Preclinical innovations can speed COVID-19 drug development

By Samantha Black, PhD, ScienceBoard editor in chief

June 5, 2020 -- Preclinical testing for drug candidates has remained largely unchanged, despite numerous innovations in cell culture techniques. Researchers discussed how these innovations could help speed drug discovery efforts for the COVID-19 pandemic in an article published in Theranostics.

There are a variety of regulatory steps involved in the development of new pharmaceutical products for use in humans to treat COVID-19, including the following:

  • Lab discovery in vitro on cell culture
  • Preclinical testing in vivo in animal models to confirm the mechanism of action and measure effective dosages and tolerability
  • Clinical testing in patients to determine dosage and confirm efficacy and safety

Traditionally, the drug development process can take in excess of 15 years and has a 99.9% failure rate.

The majority of drug development failures occur in preclinical testing, where drug efficacy in vitro cannot be confirmed in animals. This may in part be due to outdated in vitro cell culture testing. In vitro culture conditions, which are two-dimensional, are not representative of in vivo responses that occur in three-dimensional environments within heterogenous cell populations.

Researchers from the Polytechnic University of Milan and the University of Milan believe that COVID-19 vaccine and treatment in vitro and in vivo preclinical studies can be accelerated by replacing current obsolete models with improved modeling tools. This includes 3D static, microfluidic, and intravital imaging models of viral infection.
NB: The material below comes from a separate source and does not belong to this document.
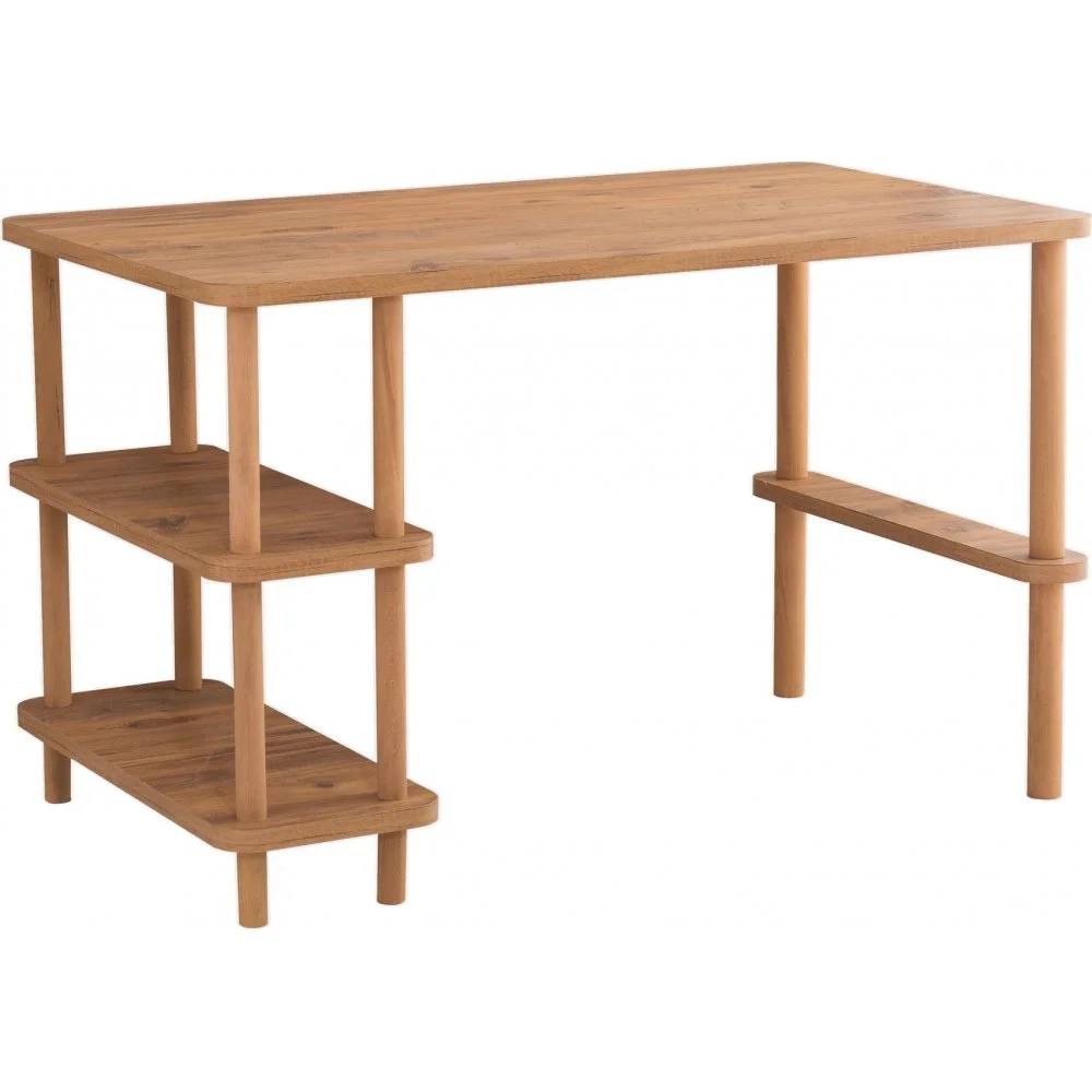 Skrivbord av melaminbelagd spånskiva och avenbok.

From previous in vitro and in vivo SARS-2003 studies, the researchers discovered around 75% used 3D cell models based on cell aggregates or organoids. Currently, for SARS-CoV-2, the team identified only five recent studies that use 3D cell models. Most SARS-CoV-2 studies use engineered human pseudostratified airway epithelium.

The researchers suggested that 3D models are more able to determine in vivo-like dynamics of infection by pathogenic viruses compared to conventional 2D models:

  • Cell morphology can be imaged and replicated in in vivo 3D cell and organoid models, unlike the vast majority of cell monolayers.
  • 3D cell and organoid models are also more permissive to viral infection compared to cell monolayers.
  • Expression of markers such as immune response genes or inflammatory cytokines are more realistic in 3D models compared to cell monolayers.
  • Sensitivity to antiviral drugs is lower and more similar to in vivo levels in 3D models than in cell monolayers.
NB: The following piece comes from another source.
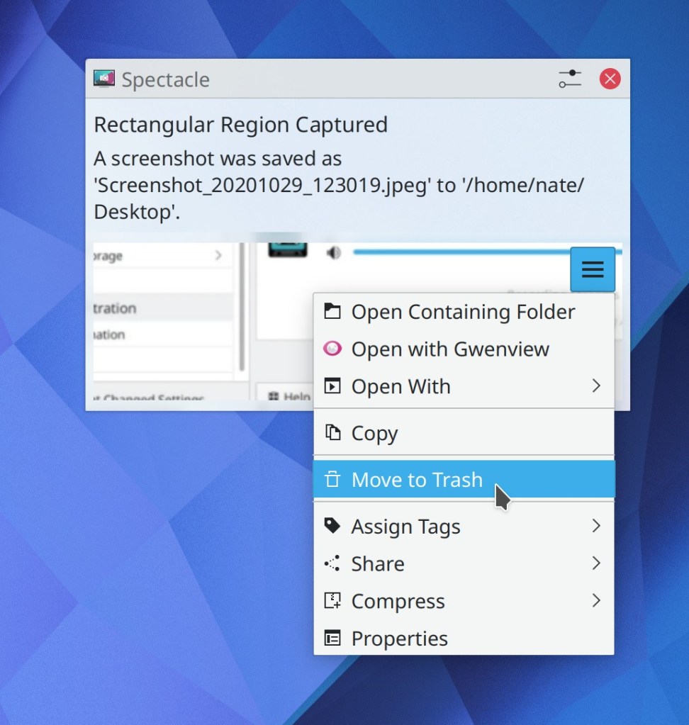 The context menu for file-based notifications now includes a “Move to Trash” item just in case you suddenly realize you don’t need the file after all (Kai Uwe Broulik, Plasma 5.21):

There are several limitations to using 3D models relating to the rigidity and control of scaffolds. Many groups are developing miniaturized 3D scaffolds using two-photon laser polymerization to overcome these limitations. One example developed by the research team, called Nichoid, is a miniaturized rigid, transparent, precise 3D grid fabricated in a biocompatible resin.

Microfluidic systems, which are essentially miniaturized versions of bioreactors, can be loaded with hydrogels or suspensions. SARS-CoV models using bioreactor-perfused cell models were more closely able to resemble normal human tissues than other models. One group has now developed a millifluidic optically accessible bioreactor (MOAB) that has the potential to speed up the discovery and testing of new drugs and vaccines for SARS-CoV-2. It may be especially useful to assess neurotoxicity by connecting multiple units to reproduce transport of agents through multiple body barriers.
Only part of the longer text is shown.